Researchers in the United States and EU were the first to discover and develop the CRISPR-Cas9 gene editing tool, but China has surged ahead with trials using CRISPR gene editing on humans. In the EU and US, CRISPR gene editing on humans is still pending approval. Meanwhile, in China, more than 86 patients have received CRISPR treatment, including patients with HIV, liver cancer, lung cancer, stomach cancer, throat cancer, and B-cell leukemia, according to a recent WSJ report.

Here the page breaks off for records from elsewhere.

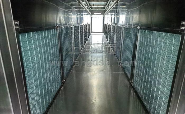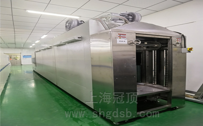 1、內腔尺寸:進料口高度 1000mm,進料口寬度 600mm, 2、外形尺寸:長 8600mm*寬 1200mm*高2237mm; 加熱區長 6000mm, 進料部分長 500mm,出料部分 500mm; 3、最大產品工裝尺寸:H800*φ400mm); 溫區:3 個獨立溫區控溫,每個溫區含主控溫和和超溫保護并可獨立控制。 過濾系統:加熱、冷卻段新風口及運風兩側均配中效過濾器過濾,保證產品表面潔凈度2萬級以內。冷卻段:冷卻段由自然過渡冷卻段和強制風冷段組成,自然過渡冷卻段長300mm, 強制風冷卻段長1300mm,冷卻段兩側裝中效過濾器,腔內微正壓,防粉塵進入污染產品,保證潔凈度2萬級以內。 我司專業生產隧道爐、烘干線,此潔凈懸掛烘干線具體工藝參數請來電詳詢:021-67353639
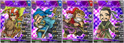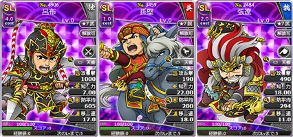 武将カードはLv0、ステータスポイントは割り振りしていない状態で表示されています。
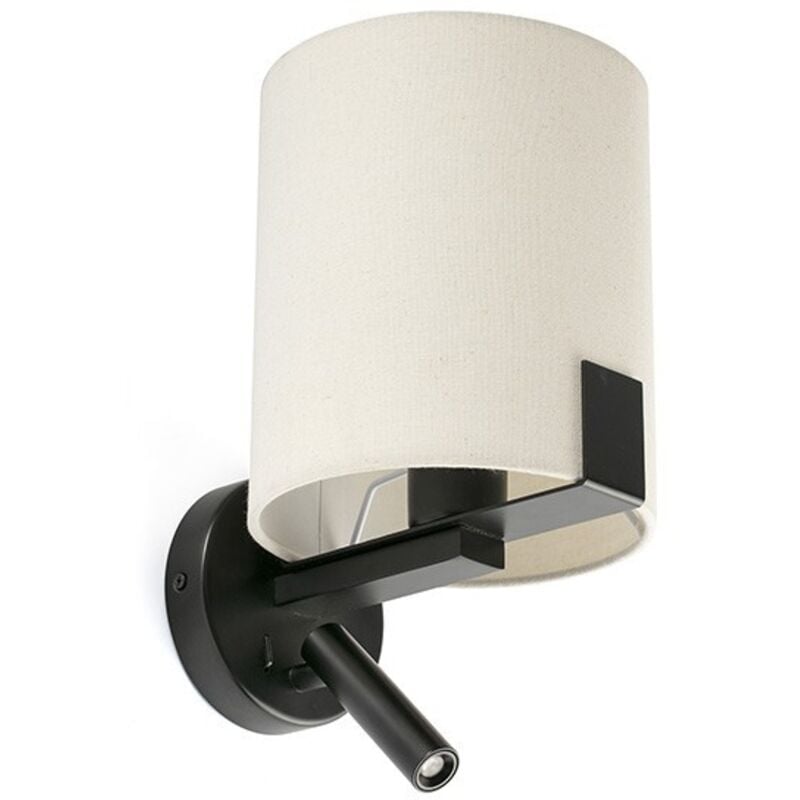 Aplique de pared con lector negro y blanco roto, modelo NILA de FARO Con una pantalla cilíndrica blanco roto y estructura en negro, este aplique de diseño vanguardista realza cualquier espacio. Además, su lector LED incorporado ofrece tanto luz ambiental como de lectura. Modernidad y practicidad en una sola pieza. Necesita una bombilla E27 que no está incluida, se debe adquirir por separado Recomendamos la bombilla ref.17463.
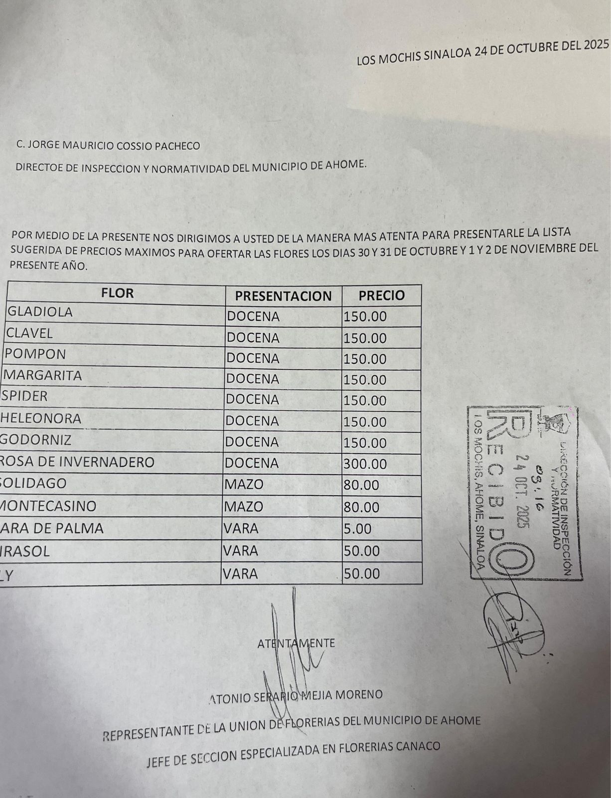 La lista oficial de precios la dio a conocer el director de Inspección y Normatividad del Municipio de Ahome, Jorge Mauricio Cosío Pacheco, quien destacó que las principales flores que se venden en estas fechas son la gladiola, pompón, clavel, rosa, entre otras variedades.

The first trial in the US using the CRISPR gene editing tool on humans is believed to be close, although approval still hasn’t been granted over concern over safety of the treatment.
CRISPR (Clustered Regularly Interspaced Short Palindromic Repeats) was jointly discovered by biologists Jennifer Doudna and Emmanuelle Charpentier in 2012.
CRISPR is part if the defense system of bacteria, which has been harnessed and used as a gene editing tool.
Bacteria use the system to identify changes to their DNA caused by viruses, and make very specific cuts to remove the offending material. The system has been modified for use as a gene editing tool using RNA-guided Cas proteins to ensure cuts only occur in the desired place. Genes can be snipped out, or new genes added. CRISPR-Cas9 therefore could be used to treat a wide range of genetic diseases.
While CRISPR has been shown to allow very precise cuts to be made to DNA, there are still questions about the unintended effects of the treatment such as off-target gene edits.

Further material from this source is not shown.